- BPOE Lodge: Golden Block
- Formerly listed on the U.S. National Register of Historic Places
- Location: 12 N. 4th St., Grand Forks, North Dakota
- Coordinates: 47°55′31″N 97°01′57″W﻿ / ﻿47.92528°N 97.03250°W
- Area: less than 1 acre (0.40 ha)
- Built: c. 1910
- Architect: Joseph Bell DeRemer
- Architectural style: Early Commercial; Vernacular
- MPS: Downtown Grand Forks MRA
- NRHP reference No.: 82001314
- Removed from NRHP: September 23, 2004

= BPOE Lodge: Golden Block =

The BPOE Lodge: Golden Block, also referred to as Golden Square, was a building in Grand Forks, North Dakota that was listed on the National Register of Historic Places, but was removed from the National Register in 2004.

Also known as Golden Block, the Benevolent and Protective Order of Elks clubhouse was built c. 1910. It was designed by Joseph Bell DeRemer.
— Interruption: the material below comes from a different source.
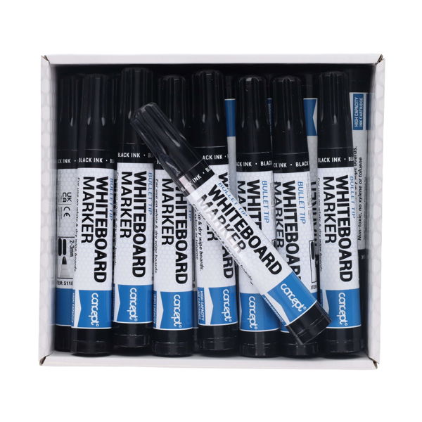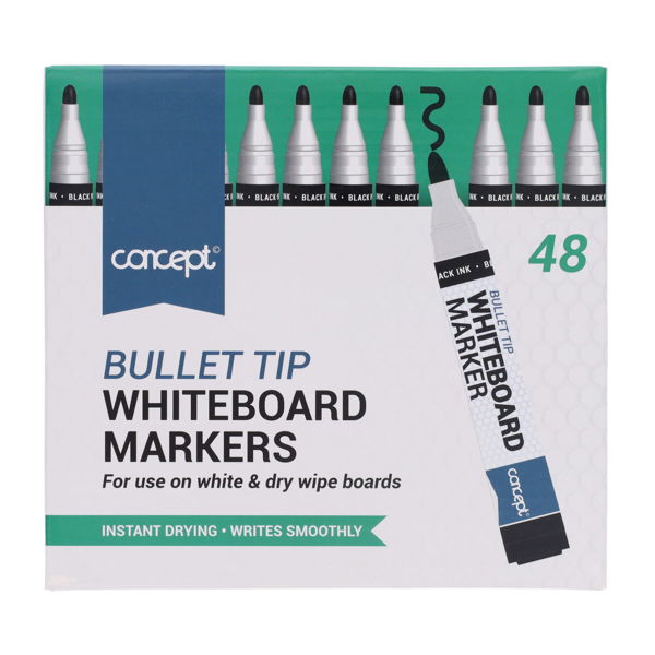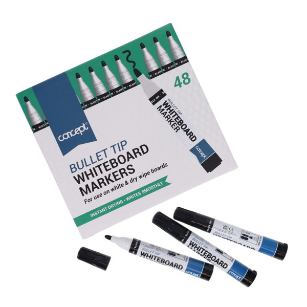 CONCEPT PKT.48 BULLET TIP WHITEBOARD MARKERS CDU – BLACK

It included Early Commercial, Vernacular, and other architecture.

Along with Wright Block, the Telephone Co. Building, the Dinnie Block, and Clifford Annex, the Golden Block was one of many "commercial vernacular brick buildings with classical revival details" that were built during a major building boom, with high quality brickwork.